Critically, linking data is not automatic; it relies on metadata completeness and coordination. Publishers and repositories must deposit ORCID iDs and references with Crossref/DataCite, and ID systems must exchange info. The Auto-Update feature (2015) allows Crossref/DataCite to push new DOIs to an author’s ORCID record if the ORCID iD was provided (^[5]) (^[6]). Similarly, ORCID’s Search & Link wizard lets authors import works from Crossref or DataCite. OpenAlex, for its part, continually harvests updated records from these APIs. There remain challenges: many publications and older works lack ORCIDs, PIDs adoption varies by field, and systems are siloed (rogue-scholar critique (^[23])).

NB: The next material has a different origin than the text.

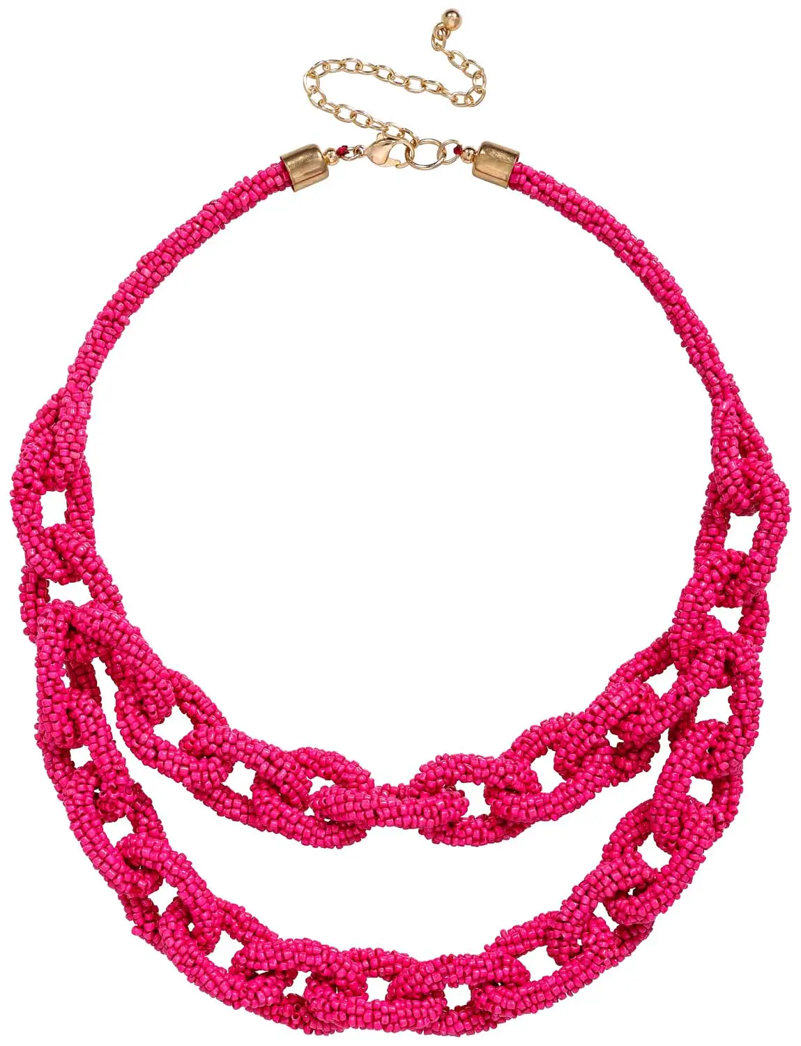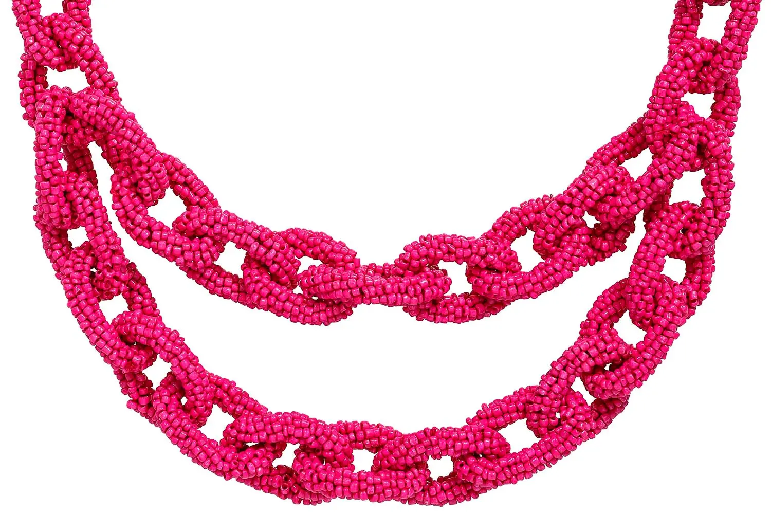 Die Kette – Magical Fuchsia hat zwei Reihen und besteht aus vielen pinken Glasperlen, die ineinander verflochten sind. Die Glasperlen bilden einzelne Glieder, welche miteinander zusammenhängen und somit einer Ankerkette ähneln. Die Kette ist ein wahres Statement Accessoire und zieht alle Blicke auf sich.

Nonetheless, this report examines how, through standards and partnerships, Crossref, DataCite, ORCID, and OpenAlex collectively weave the threads of scholarly output into an interconnected web.

Crossref: Linking the Scholarly Literature

Crossref is a non-profit membership organization that registers DOIs for scholarly literature and maintains an open database of publication metadata. Founded in 2000 by publishers (the Publishers International Linking Association), Crossref’s mission is to make research easy to find, cite, link, assess, and reuse (^[24]). Its members include over 24,000 publishers, societies, research institutions, and funders from 166 countries (^[25]), all depositing metadata and DOIs for journal articles, books, proceedings, preprints, and (increasingly) grant records and datasets.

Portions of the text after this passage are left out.